• Information given:
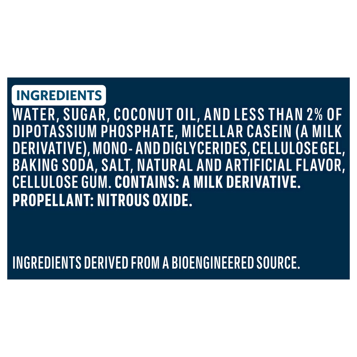 Water, Sugar, Coconut Oil, and Less than 2% of Dipotassium Phosphate, Micellar Casein (a Milk Derivative), Mono- and Diglycerides, Cellulose Gel, Baking Soda, Salt, Natural and Artificial Flavor, Cell…
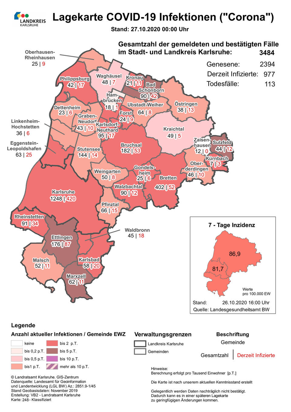 Die Zahlen für den Stadt- und Landkreis Karlsruhe zeigen an, dass es hier drei neue Corona-Todesfälle gab. Insgesamt sind es nun 113, von denen rund ein Drittel auf die Todesfälle in einem Altenheim in Bretten-Neibsheim zurückgehen. Bei insgesamt 3484 Corona-Fällen (plus 95 am Dienstag) und 2394 Genesenen (plus 45) sowie 113 Todesfällen (plus drei) ergeben sich 977 Akut-Fälle. Die Corona-Liste von Stadt- und Landkreis Karlsruhe gibt folgende Inzidenzwerte an: Die Stadt Karlsruhe hat 81,7 Neuinfizierte pro 100.000 Einwohnern in den vergangenen sieben Tagen, der Landkreis kommt auf 86,9. In der LGA-Liste hat die Stadt einen Inzidenzwert von 87,5 und der Landkreis von 85,8.
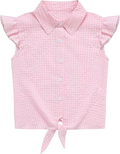 Girls Sleeveless Button Down Shirt Plaid Crop Tank Tops Summer Tie Knot Ruffle Sleeve Shirts Blouses
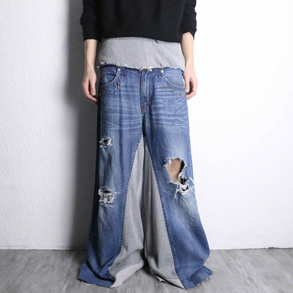 "Re:make" sweat docking flare denim
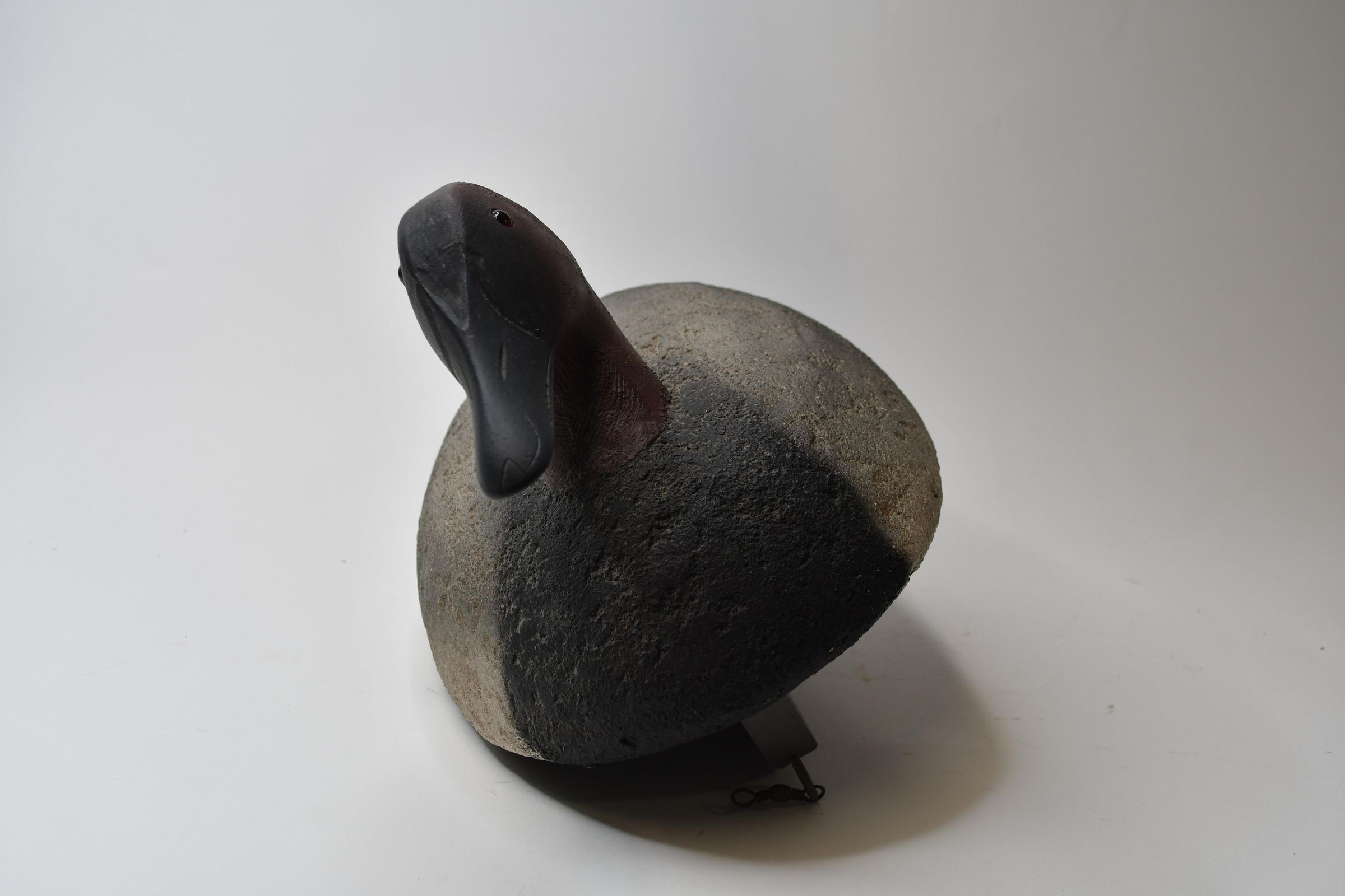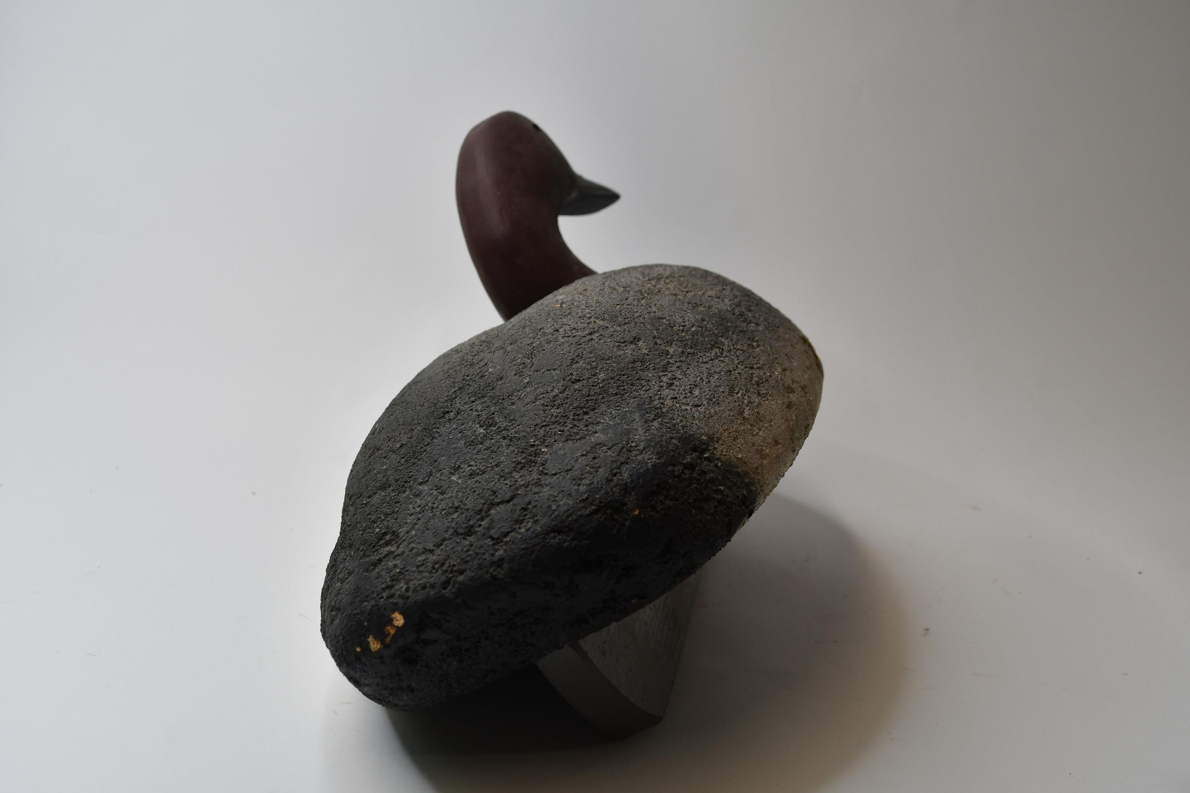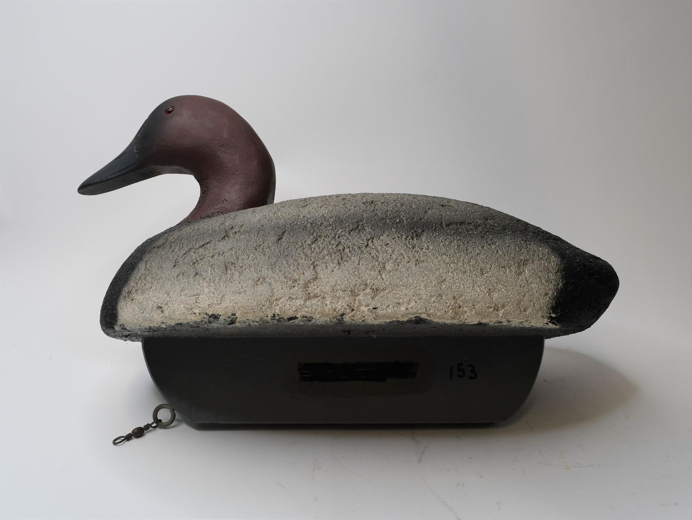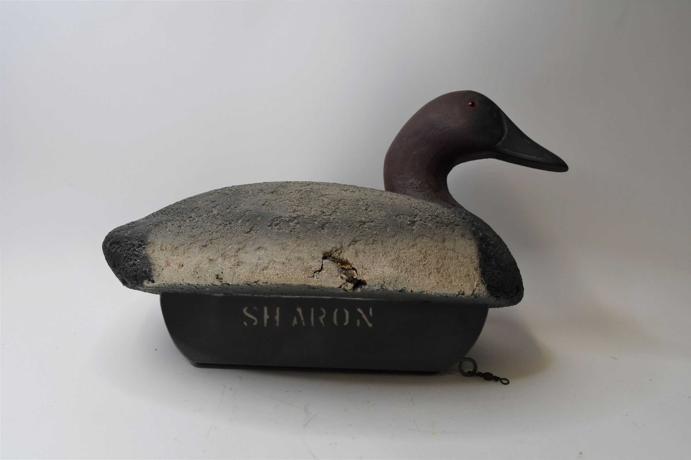 It is easy to determine this decoy was carved from cork by looking at the areas missing paint. Created by John Sharon of Oregon, Ohio in 1950, this Canvasback has a deep keel and attached swivel underneath, both essential when it was used in the waters of Lake Erie.Location

• What to produce: Starting from the line that has "docking flare denim" and ending at the last line of the material above, every line should be output exactly; pictures are dropped and nothing else appears.

• Task output:
 "Re:make" sweat docking flare denim
 It is easy to determine this decoy was carved from cork by looking at the areas missing paint. Created by John Sharon of Oregon, Ohio in 1950, this Canvasback has a deep keel and attached swivel underneath, both essential when it was used in the waters of Lake Erie.Location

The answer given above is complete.